ChatGPT can also sort of play chess. This is an interesting case because to know what actions it can take, it must have some sort of representation of the state of the board, right?

How did it know that d5 was a legal move? It doesn’t. It knows that a lot of chess games recorded on the internet using that notation has d5 following d4. Farther into the game it will make illegal moves because there are a lot of possible games and any sequence of moves will have been seen less often in the data. But clearly the hidden state of the transformer is able to attend to a sequence of moves and that the hidden state that is constructs has some utility for selecting tokens that can be interpreted as chess actions. Thus it can be said that a LLM has something that can operate as a world model sometimes. It operates at the lower level of tokens and constructs a textual description of the state, as opposed to the actual state.

Here is another test of whether ChatGPT knows the state of the chess board after a single chess move:

Clearly not right. But this test is not entirely conclusive because I am asking it to draw the board and maybe it gets confused in the drawing process; something might be lost in this particular way of probing the system’s understanding of the state.

There is nothing in RL*F that requires that a world model must be correct.
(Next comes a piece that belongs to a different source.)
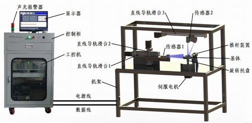 設備對基體進行測量時,基體旋轉一周取出測量距離的兩個值相加即得到基體的一條直徑線尺寸。測量完成后,旋轉托盤根據測量值出現的位置將測得的直徑線旋轉至與測量光束重合的位置。然后推桿裝置動作,使基體向垂直于測量光束的方向偏移。然后旋轉托盤帶動基體旋轉測量第二條直徑線,并停止在第二條直徑線與測量光束重合的位置。采用同樣的方法測量第三、第四等直徑尺寸。當基體中心與旋轉托盤測量中心的偏心量基本相同時,基體的圓心在旋轉托盤上呈漸開線分布,測量第七次時測量的直徑與第一條直徑基本重合,所以測量6次即可。通過6個直徑尺寸可計算出基體的直徑、橢圓度、平均直徑等特征參數。

This is because there is no reward component associated with correct next-state prediction. An LLM only needs be able to construct a hidden state that can be decoded to generate token sequences that receive high feedback or low perplexity. However, operating with only cross-entropy or RL*F at the token-as-action level, there is no requirement that a LLM develops full world-model capabilities beyond whatever latent hidden state is necessary to produce token sequences that receive high feedback or low perplexity.

If LLMs are learning something like a world model, would we expect a world model to emerge with more training? This likely depends on the data. As discussed above there is nothing in the objective function used to train LLMs that requires the model to know and reason about the next state s’. If the training corpus were of the form <description of state s, description of action a, description of state s’> (or a combination of separate <s, a> and <a, s> data) then it would learn to construct a subsequent state after every action, token-by-token. For some relatively constrained domains, this data might be present in existing datasets or feasible to acquire. For other domains, the state-action space will be too big and there will be missing data, rare cases for which generalization fails to account, or a mismatch in level of abstraction of knowledge.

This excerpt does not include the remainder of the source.